Bi-cultural connection

Canada and NZ share similar stories Tom says, with both countries in the Commonwealth, are neighbours with a larger and louder country and are treaty people, with Canada still grappling with treaties today. Due to his paternal indigenous lineage, Tom has always had an interest in learning about indigenous lives and says one of the appealing things about NZ was how the country is further along the road to reconciliation than Canada in understanding itself as a treaty people and as a bi-cultural nation.

“The museums here are not only better designed and presented but there is a lot more interaction between cultures, for instance some of Mangawhai’s displays have been curated, developed and displayed with input and direction with the

iwi,” he says. “In Canada, you wouldn’t necessarily have that although we have been championing a ‘nothing about us without us’ approach, but it’s just a given how you do things in NZ which is really inspiring.”

Experiencing the Mangawhai Museum with fresh newcomer eyes, Tom says he hopes he can bring an outsider’s perspective to the many stories held in the facility as well as promoting the spirit of Mangawhai and the museum, through visitors’ entire experience. He also wants to make sure volunteer dedication, successes and milestones such as 100 hours of service, are recognised and celebrated.
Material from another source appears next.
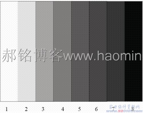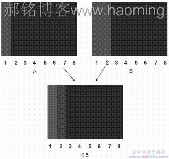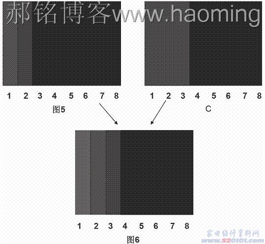 当把图A和图B重叠在一起成为图5;图5的1号条部位分别是图A和图B两个1号条亮度的叠加;亮度分量提高一倍,图5的2号条部位则接受了图B的2号条的亮度分量(图A2号条部位为“黑”),这样图5就是一幅具有两级亮度等级变化的图像;1号条亮度高于2号条亮度;3至8号条为“黑”(通过A和B图的叠加后的图像已经具有灰度了)。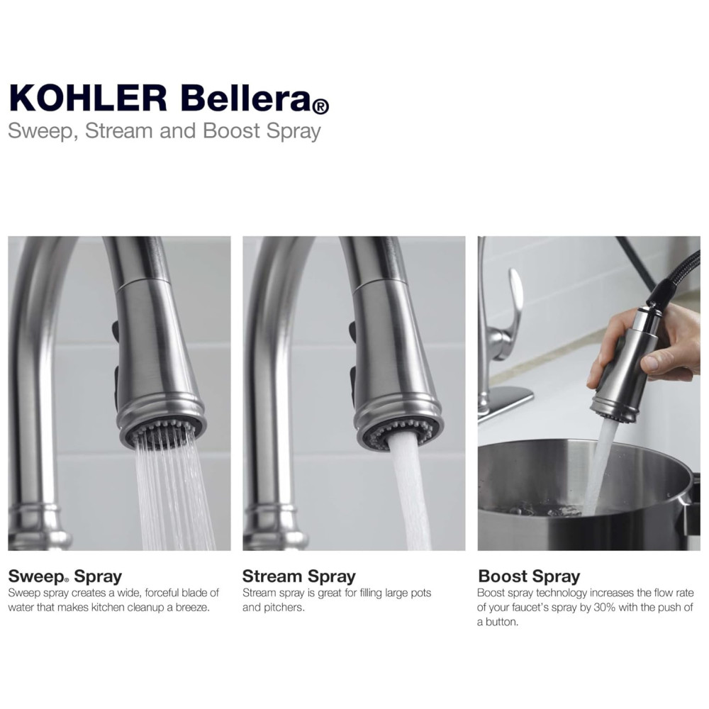 Torneira Cozinha com Pulverizador Pull Down de 3 Funções KOHLER 29106-VS Bellera Inoxidável Vibrante

“Coming from a number of museums I hope I can regularise and professionalise some of the work everyone has been doing. There’s so much passion and expertise and I want to make sure that we are building a succession plan into everything so that it is sustainable and can live past the people,” he says. “I’m also very excited to hear more local stories – at the moment I’ve only just scratched the surface and I know there will be many more waiting for me to discover.”

 

Mangawhai Museum & Historical Society chair, Jill Corkin, with new museum manager, Canadian Tom Long, at the recent museum dinner and auction fundraiser. PHOTO/JULIA WADE

 

 

“I’m really passionate about working with people and I’m surrounded by a strong core of lovely volunteers here.”